§ **Problem statement**:
Return exactly, with nothing added, the lines from the one that contains "Modern commercial premises" through the end of the listing below, pictures excluded.

§ **Raw data**:
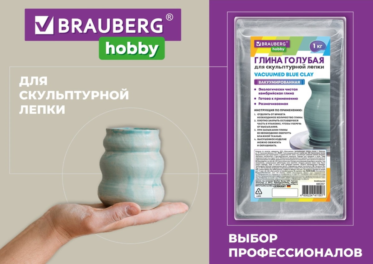 3. Профессиональная глина для скульптурной лепки. От детского творчества – к настоящим профессионалам. В линейке BRAUBERG HOBBY представлена готовая глина для скульптурной лепки (красная и голубая). Востребованный товар среди:
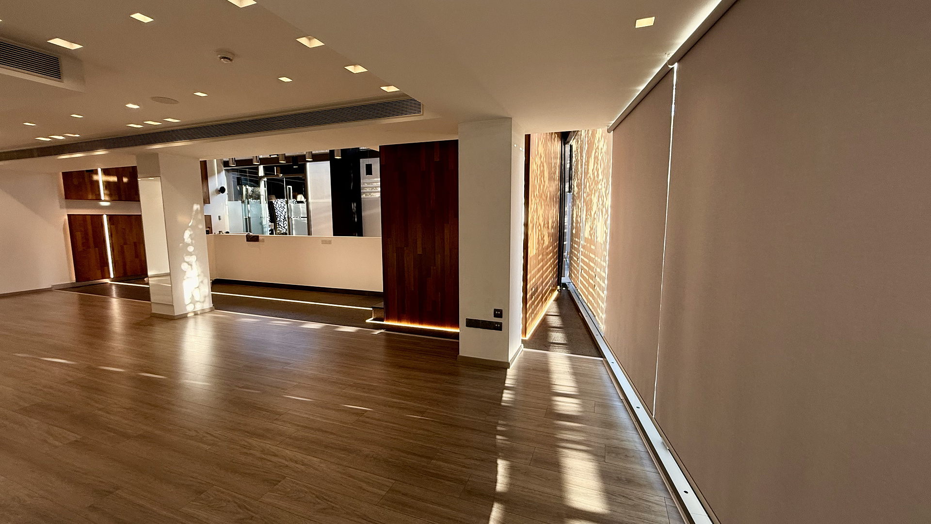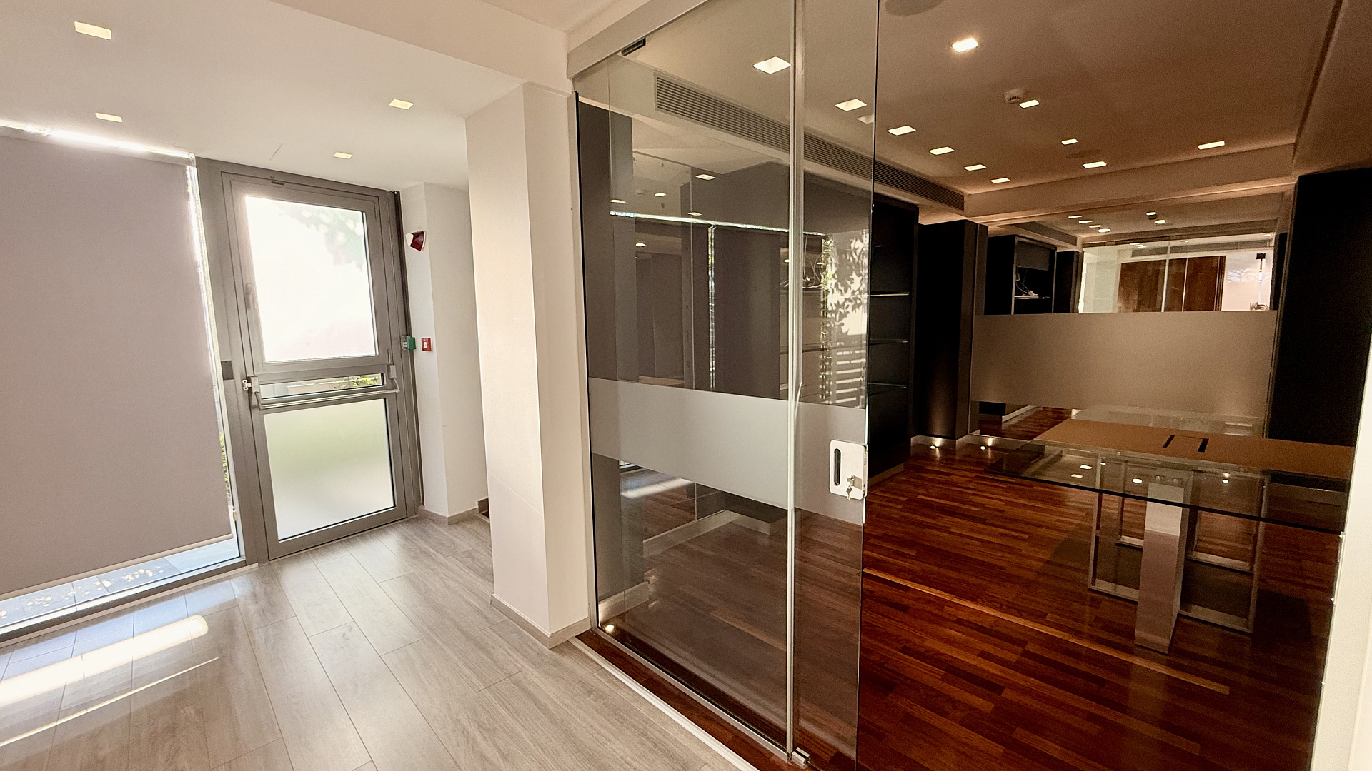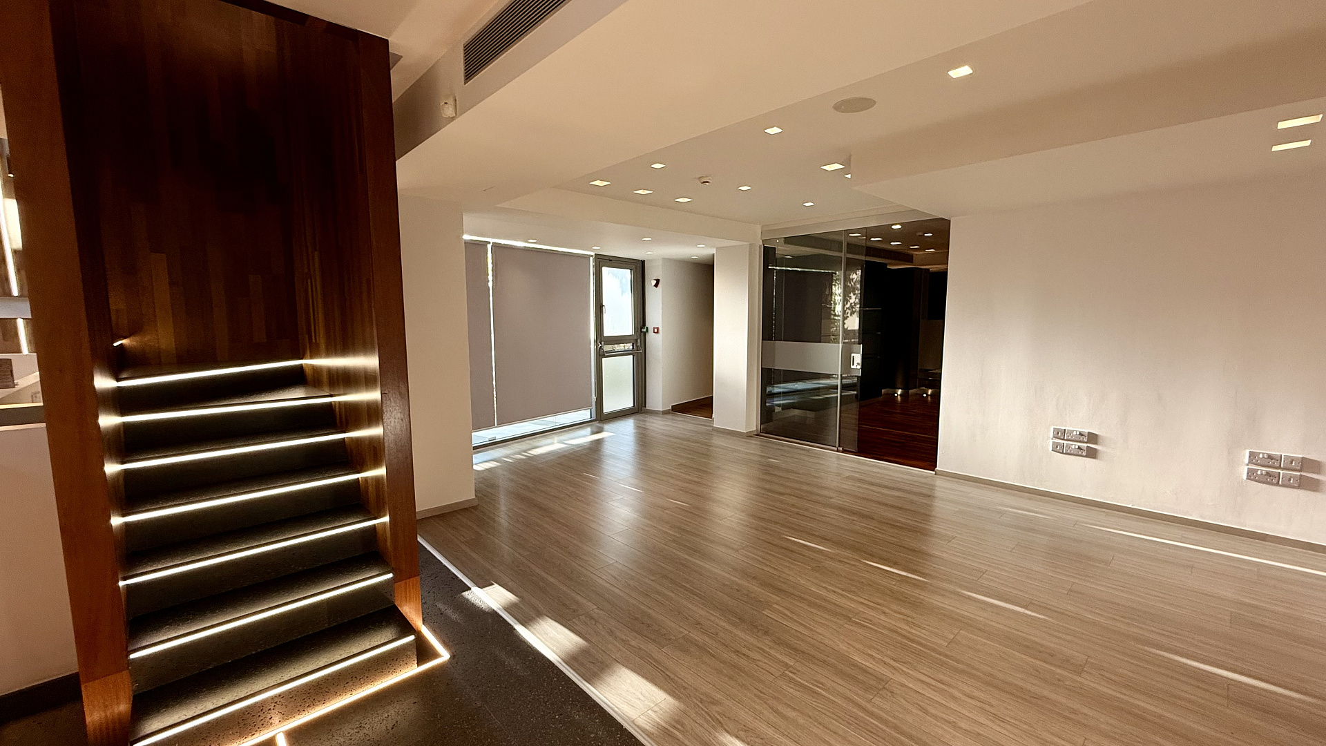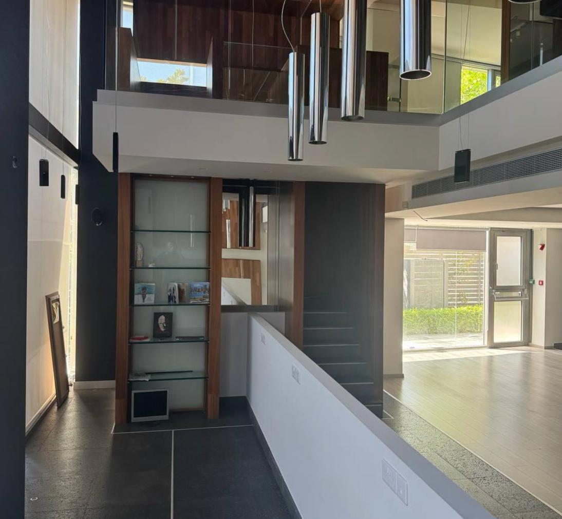 Modern commercial premises for rent in the area of Agios Tychonas, Limassol, fully finished, located on two levels: a lower floor of 122 m2 and a mezzanine of 80 m2, with a total area of 208 m2. The space is decorated in bright colors, high ceilings and panoramic glazing create maximum natural light, and wooden ceiling panels, glass mezzanine railings and built-in lighting form a representative interior. The room is ready for immediate use, there are areas for reception and workplaces. The facility includes three parking spaces. The room is located in a modern landmark building on the seafront in the Agios Tychonas area of Limassol. The location is located along Amathuntos Avenue and is characterized by high visibility, convenient access and proximity to the sea, which makes the room suitable for an executive office, showroom or flagship division of the company.
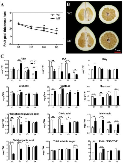 Pan, H.; Lyu, S.; Chen, Y.; Xu, S.; Ye, J.; Chen, G.; Wu, S.; Li, X.; Chen, J.; Pan, D. MicroRNAs and Transcripts Associated with an Early Ripening Mutant of Pomelo (Citrus grandis Osbeck). Int. J. Mol. Sci. 2021, 22, 9348. https://doi.org/10.3390/ijms22179348

§ **Solution to the exercise**:
 Modern commercial premises for rent in the area of Agios Tychonas, Limassol, fully finished, located on two levels: a lower floor of 122 m2 and a mezzanine of 80 m2, with a total area of 208 m2. The space is decorated in bright colors, high ceilings and panoramic glazing create maximum natural light, and wooden ceiling panels, glass mezzanine railings and built-in lighting form a representative interior. The room is ready for immediate use, there are areas for reception and workplaces. The facility includes three parking spaces. The room is located in a modern landmark building on the seafront in the Agios Tychonas area of Limassol. The location is located along Amathuntos Avenue and is characterized by high visibility, convenient access and proximity to the sea, which makes the room suitable for an executive office, showroom or flagship division of the company.
 Pan, H.; Lyu, S.; Chen, Y.; Xu, S.; Ye, J.; Chen, G.; Wu, S.; Li, X.; Chen, J.; Pan, D. MicroRNAs and Transcripts Associated with an Early Ripening Mutant of Pomelo (Citrus grandis Osbeck). Int. J. Mol. Sci. 2021, 22, 9348. https://doi.org/10.3390/ijms22179348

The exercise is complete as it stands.